SPECIES NAMECrotalus ruber
RISK TO HUMANSHighly venomous
DISTRIBUTIONPeninsular Ranges of Southwestern California
The Red Diamond rattlesnake has a heavy body, stout tail, and a head that spans about twice the size of its neck. The coloration of this species is variable to match the environment and ranges from pink, reddish-tan, and reddish-brown to brick red. The dorsal surface consists of diamond shaped blotches with light edges that extend down the sides, getting smaller in size but consistent in shape. Black and white rings similar in width or with the white rings appearing just slightly wider circle the end of the tail to the rattle. A diagonal stripe, light or dark in appearance depending on the individual, extends from the bottom edge of the eye to the corner of the mouth. The underbelly is a light dull yellow and exhibits no markings. Adult sizes range from 30-65 inches, typically reaching 24-54 inches.
Restricted to the Peninsular Ranges of Southwestern California. Inhabits arid scrub, coastal chaparral, oak and pine woodlands, rocky grasslands, mesquite/cactus, and cultivated areas. Most commonly found in foothills of the mountains and into the dry rocky desert flats. At risk due to habitat loss in coastal regions.

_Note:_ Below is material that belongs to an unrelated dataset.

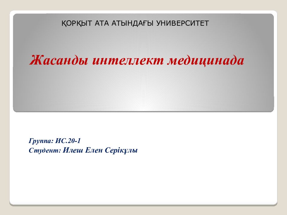 Группа: ИС.20-1 Студент: Илеш Елен Серікұлы Жасанды интеллект медицинада ҚОРҚЫТ АТА АТЫНДАҒЫ УНИВЕРСИТЕТ

Specializes in small mammals such as rabbits, ground squirrels, woodrats, and mice. Secondary prey includes birds, lizards, and occasionally other snakes.

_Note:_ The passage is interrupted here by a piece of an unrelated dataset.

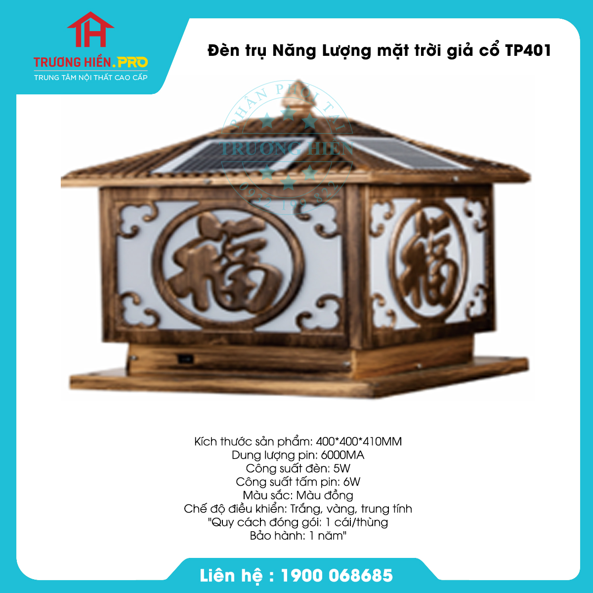 Đèn trụ Năng Lượng mặt trời giả cổ TP-401

Typically unaggressive. Will remain motionless or move away from threats, but may rattle and strike if provoked or startled. Primarily nocturnal or crepuscular during warmer months, but may be active during the daytime cooler days. or in cooler shaded areas within boulder fields. Have been reported partially climbing easily accessible shrubs and trees. Mating occurs in the spring with 3-20 live young born between July and September. Neonates measure 10-12 inches at birth.